“No,” she replied nonchalantly. “I just thought so, because anybody that’s as good-looking as he is, gets gobbled up quick. Don’t you think he is good-looking?”
“Oh, he does very well.”
“Gee whiz, I wish he’d ask me to marry him!” said Susie unblushingly. “You couldn’t see me for dust, the way I’d travel. But there’s no danger. Look at them there skinny arms!”
“Susie! What grammar!”
“Those there skinny arms.”
“Those.”
“Those skinny arms; those hair; those eyes—soft and gentle like a couple of augers, Meeteetse says.” Susie shook her head in mock despondency. “I’ve tried to be beautiful, too. Once I cut a piece out of a newspaper that told how you could get rosy cheeks. It gave all the different things to put in, so I sent off and got ’em. I mixed ’em like it said and rubbed it on my face.

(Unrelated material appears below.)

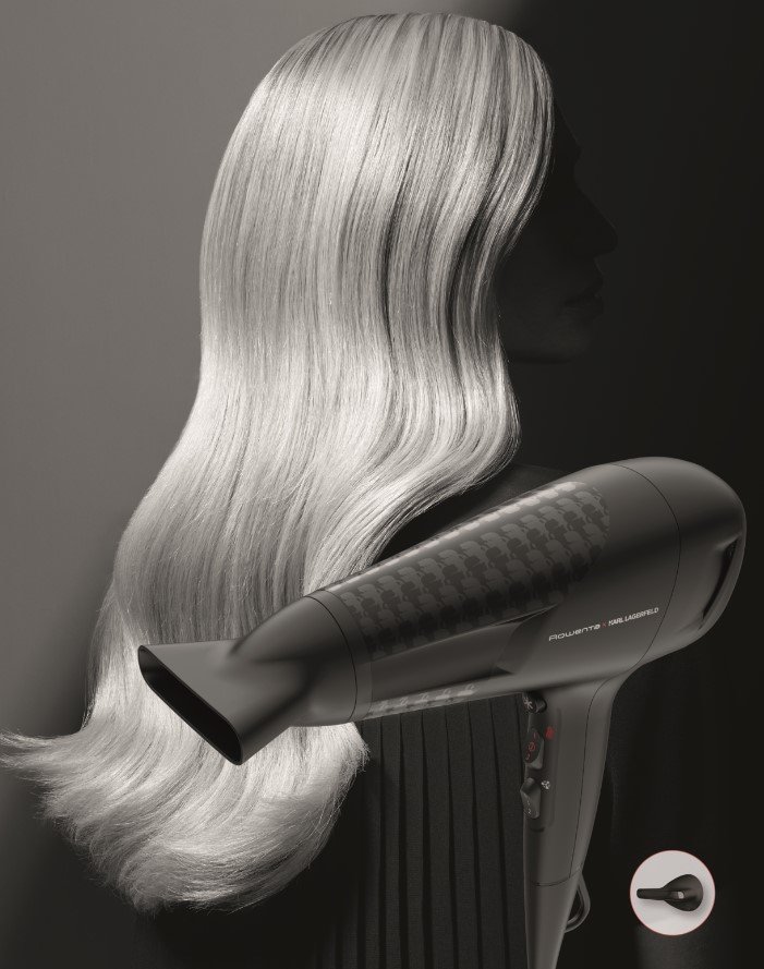 Rowenta Karl Lagerfeld CV581LF0 fen za kosu.Snaga 2300W.Thermo Control funkcija štiti kosu od suvišne topline.Lako podesiva kontrola brizine i temperature sa tankim koncetratorom za stilizovanje najsitnijih detalja.

There wasn’t any mistake about my rosy cheeks, but you ought to have seen the blisters on my cheek-bones—big as dollars!”
“I’m sure you will not be so thin when you are older,” Dora said consolingly, “and your hair would be a very pretty color if only you would wear a hat and take a little care of it.”
Susie shook her head and sighed again.
“Oh, it will be too late then, for he will be snapped up by some of those stylish town girls. You see.”